Benchmark the actual OpenClaw prompt stack, not a generic chat prompt.
Benchmarks
DeepSeek V4 Flash benchmark checklist
Benchmarks should prove the Flash-first route under realistic OpenClaw and production workloads. Use closed models as comparison references, not as the center of the page.
Evaluation matrix
Compare by workload
The matrix makes the site more crawlable and gives readers a concrete testing plan.
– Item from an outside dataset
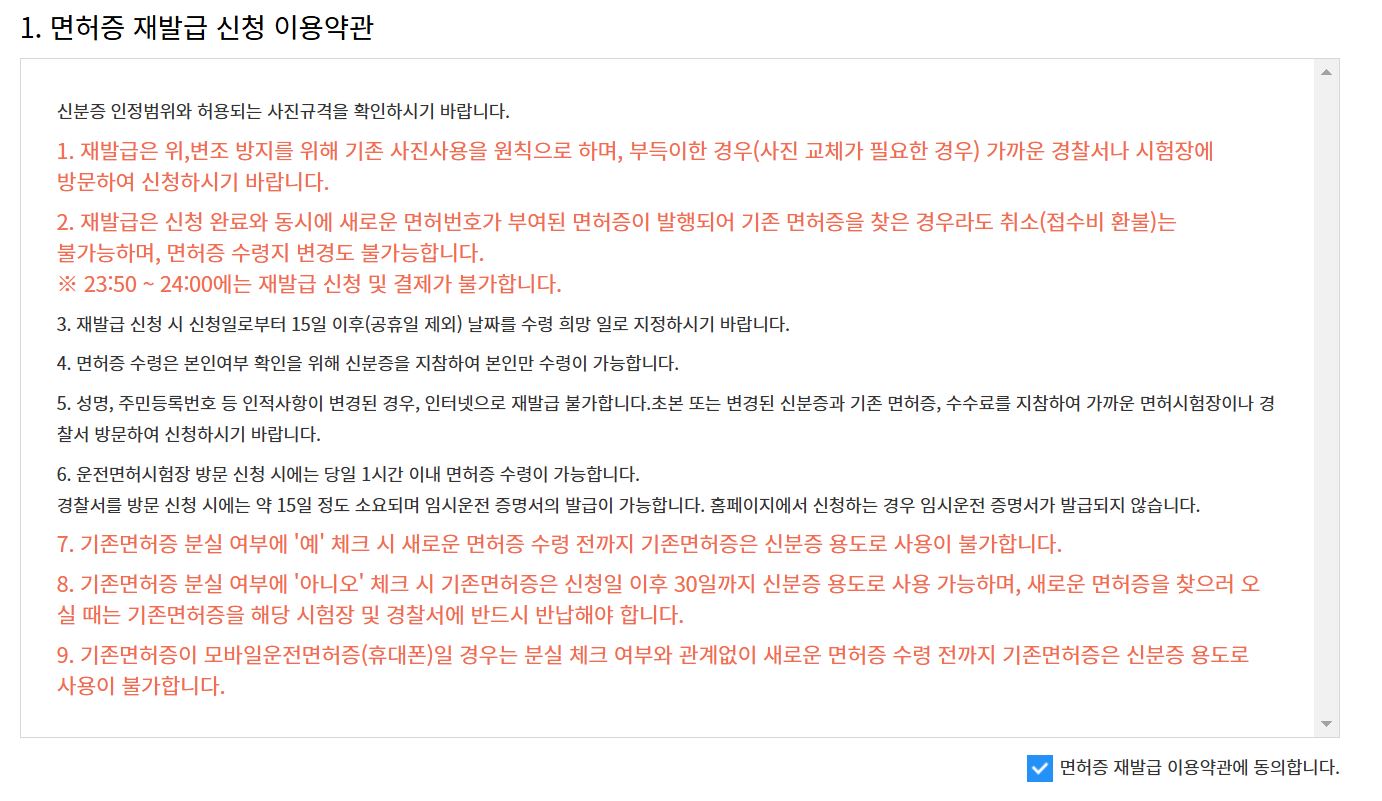 - 경찰서 또는 운전면허시험장 방문 신청 시 가능

| Workload | Primary model | Compare with | Measure |
|---|---|---|---|
| OpenClaw agent planning | V4 Flash | V4 Pro, GPT | Completion rate, retries, cost per solved task |
| Retrieval answer generation | V4 Flash | Claude, GPT | Citation accuracy, unsupported claims, cache-hit ratio |
| Code explanation batches | V4 Flash | V4 Pro, Claude | Developer acceptance, follow-up turns, token cost |
| Multimodal or Google workflow | Gemini | V4 Flash for text-only steps | Modality coverage, handoff cost, latency |
| Realtime xAI ecosystem work | Grok | V4 Flash for non-realtime tasks | Freshness need, tool result quality, routing overhead |
Checklist
What to record
Cost is only one column. For OpenClaw and agent workflows, repeated prompts, retries, and escalations decide the real cost.
Track cache-hit ratio separately from raw input-token volume.
Score retry cost and failed-turn cost, not only first-response price.
Include a Pro escalation lane so Flash is tested as the default, not the only model.
Keep provider-specific strengths visible without weakening the Flash headline.